## DATA BELOW
• • •

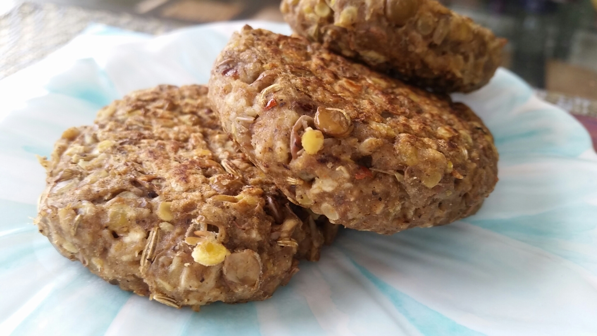 Heat a generous amount of olive oil in a nonstick skillet, or just heat it with nonstick spray to save on calories. Your lentil mix should be a very thick almost dough-like consistency. Shape it into balls that will fit in the palm of your hand. Gently place the balls on the hot pan and press with the spatula to flatten. Cook until crisp and browned.
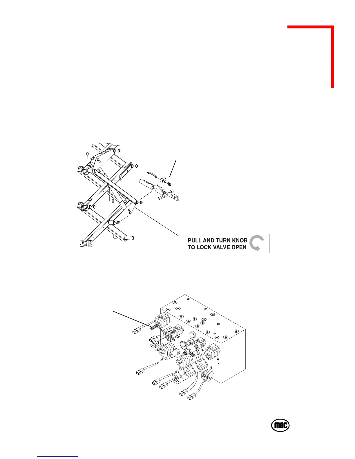 2. Pull manual activator (override valve) on main manifold to lower platform to
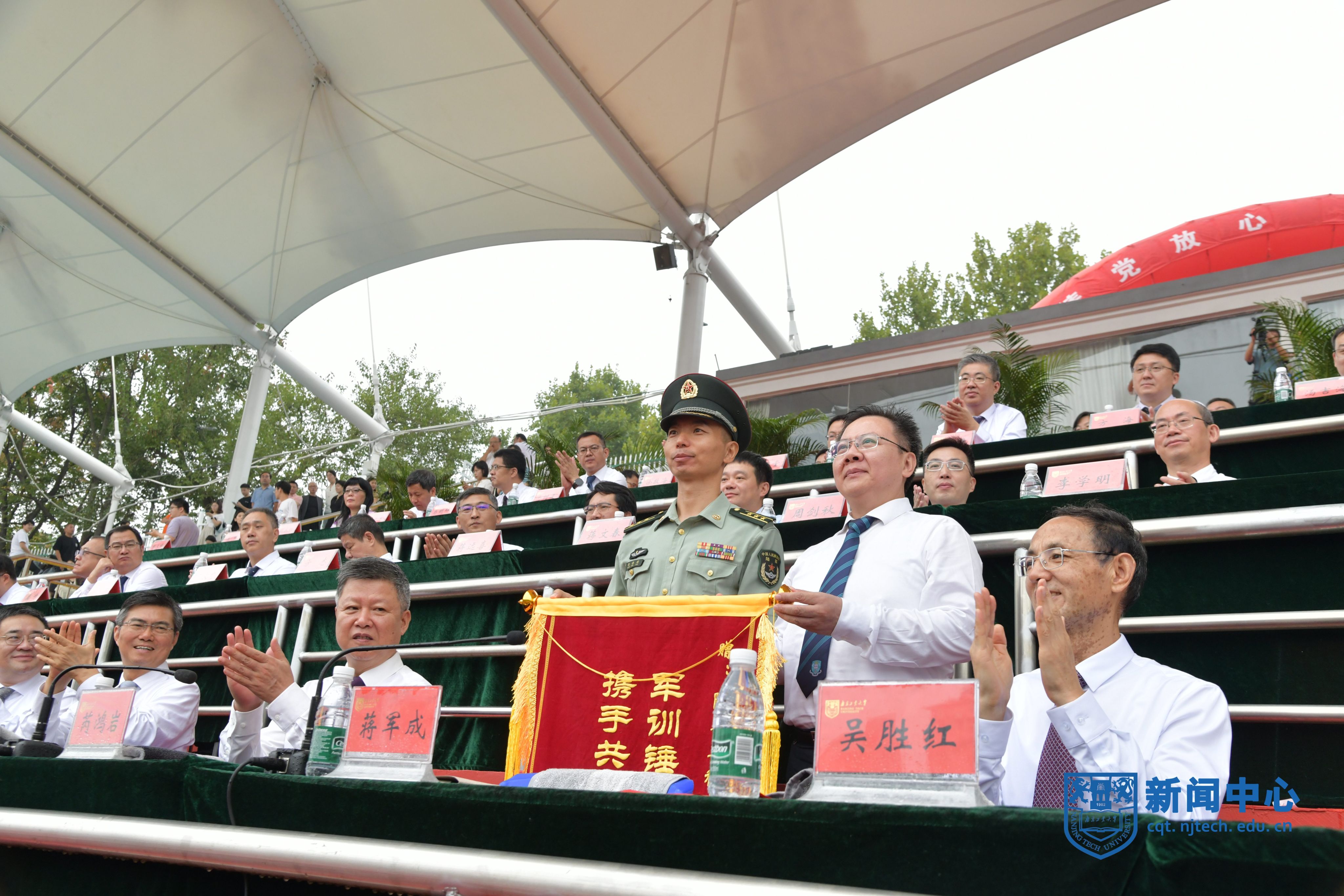 上午八點半,在升國旗儀式后,軍訓匯報考核正式開始。新生們通過隊形的變化和道具呈現了“請黨放心 強國有我” “明德 厚學 沉毅 篤行”等字樣,表達了迎接新中國成立75周年的喜悅之情。在分列式展示中,新生們組成若干方陣,精神飽滿、隊列整齊地通過主席臺,充分展示了青春激揚的風采。隨后分別進行了捕俘拳、匕首操、棍盾術、刺殺操、戰術等展示。匯報考核結束后,主席臺前排領導和嘉賓為軍訓先進集體和先進個人代表頒獎。學生代表向承訓教官代表獻花,蔣軍成向承訓部隊贈送錦旗。期間,舉行了退伍大學生光榮返校儀式。

• • •

## WORK TASK
Return, exactly as they stand, the lines from the opening line of the listing through the line with "2. Pull manual", both ends counted, and no pictures.

## ANSWER SECTION
 Heat a generous amount of olive oil in a nonstick skillet, or just heat it with nonstick spray to save on calories. Your lentil mix should be a very thick almost dough-like consistency. Shape it into balls that will fit in the palm of your hand. Gently place the balls on the hot pan and press with the spatula to flatten. Cook until crisp and browned.
 2. Pull manual activator (override valve) on main manifold to lower platform to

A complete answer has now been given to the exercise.